Thursday, September 10, 2009

Mass grave with 800-1,000 Greeks reported near Lapithos, Cyprus

For Immediate Release: September 9, 2009

Hellenic Antidote blog by John Akritas
Wednesday, 9 September 2009

Mass grave with 800-1,000 Greeks reported near Lapithos

In a report (see here in Greek:
) in the Cyprus edition of Kathimerini, Andreas Paraschos writes of the
existence of a mass grave containing the remains of between 800-1,000 Greek
Cypriots located near the occupied village of Lapithos, in the Kyrenia district.
The alleged site of the mass grave has been designated by the Turkish army as a
military zone.
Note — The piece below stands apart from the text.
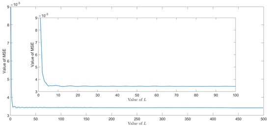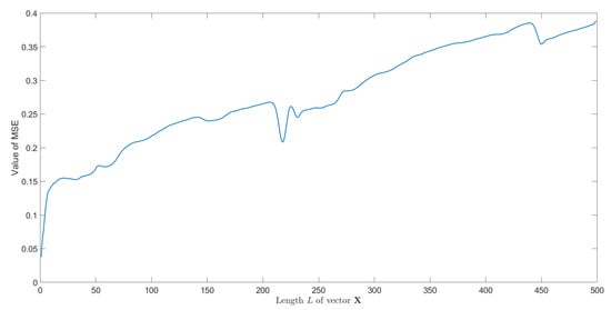 The MSE between the filter response and the undistorted signal as a function of the length L of the vector .

It is fenced off with barbed wire and signs have been erected
warning about mines, although the Turkish Cypriot daily Afrika, yesterday
reported that 'everyone can walk around in that area as he wishes. No mines have
been found until now.'

Paraschos refers to the testimony of Savvas Mastrappas, enclaved in Lapithos
until 28 October 1975 and who, after coming to the free areas, gave details to
the Cypriot police of the mass grave; and to more recent witness accounts from
Turkish Cypriots, who confirmed the existence of the mass grave, declaring its
existence an 'open secret' among Turkish Cypriots in the region, some of whom,
indeed, would periodically dig up the site and remove skeletons for medical

The Mastrappas account

From March 1977, Savvas Mastrappas gave a series of depositions to the Cyprus
police in which he described what he knew of the places of burial of Greek
Cypriots killed by Turkish invasion forces. In one of these depositions,
Mastrappas says: 'In July 1974, when the invasion occurred, I remained with my
wife in our village [Lapithos]. I came to the free areas in October 1975. Apart
from us, in Lapithos there must have been 40-50 other Greek Cypriot enclaved.
Because I knew a little Turkish and other languages, the Turks put me in charge
of the enclaved and I moved around somewhat more freely than the others. Four or
five days after the fall of Lapithos, a Turkish Cypriot I knew called Ahmet from
the [Turkish Cypriot village of] Photta came to our village, along with a police
officer called Nizet. Ahmet came to my house and during conversation told me
that the Turkish police observed the collection of between 800-1,000 Greek
Cypriot bodies from the region of Lapithos and Vasilia, who were then buried in
a place known as "Agni", close to the little harbour, where the villagers from
Lapithos kept their fishing boats…'

In another part of his deposition, Mastrappas says: 'One day, it must have been
around October-November 1974, when I went with a Turkish policeman named Mehmet
– I think he was from the village of Kazaphani – and with a Briton from the
British embassy, to the place known as "Koufi Petra", so we could place a
British flag on a house there owned by a Briton, I noticed a fire in the place
known as "Agni", just east of the orchards of Savvas Frantzieskou. Mehmet told
me it was the Turkish army that had started the fire, in order to burn the
bodies of Greek Cypriots uncovered by the rain. And, indeed, two-three days
previously, it had rained heavily…'

Turkish Cypriot accounts

Paraschos then goes on to report that on a recent visit to Lapithos, he spoke to
Turkish Cypriots in the area, and one said to Paraschos: 'I'll take you to a
place near the sea where missing persons are buried.' I asked him: 'How do you
know there are missing buried there?' 'It's an open secret here in Kyrenia and
many Turkish Cypriots know that some people dug up skulls for medical purposes.'

According to this Turkish Cypriot, Paraschos writes, a teacher-friend of his
told him that he dug up a skull for his daughter, who was training in medicine.
Indeed, when this teacher-friend wanted to get hold of a skull for his daughter
and started asking around where he could get one, he was told at the local cafe
that many others had similar 'needs' and that the only way was to enter the
fenced-off area and dig up Greek Cypriot dead. 'Don't be scared,' he was told,
'you won't be the first. Others have done the same.' And this is what he did.
Despite his fear that since the area was fenced-off as a military zone, he went
there, waited for a while, to see if there was any soldiers patrolling the area
and when he saw there was not, he entered, dug, found what he was looking for,
took it and left…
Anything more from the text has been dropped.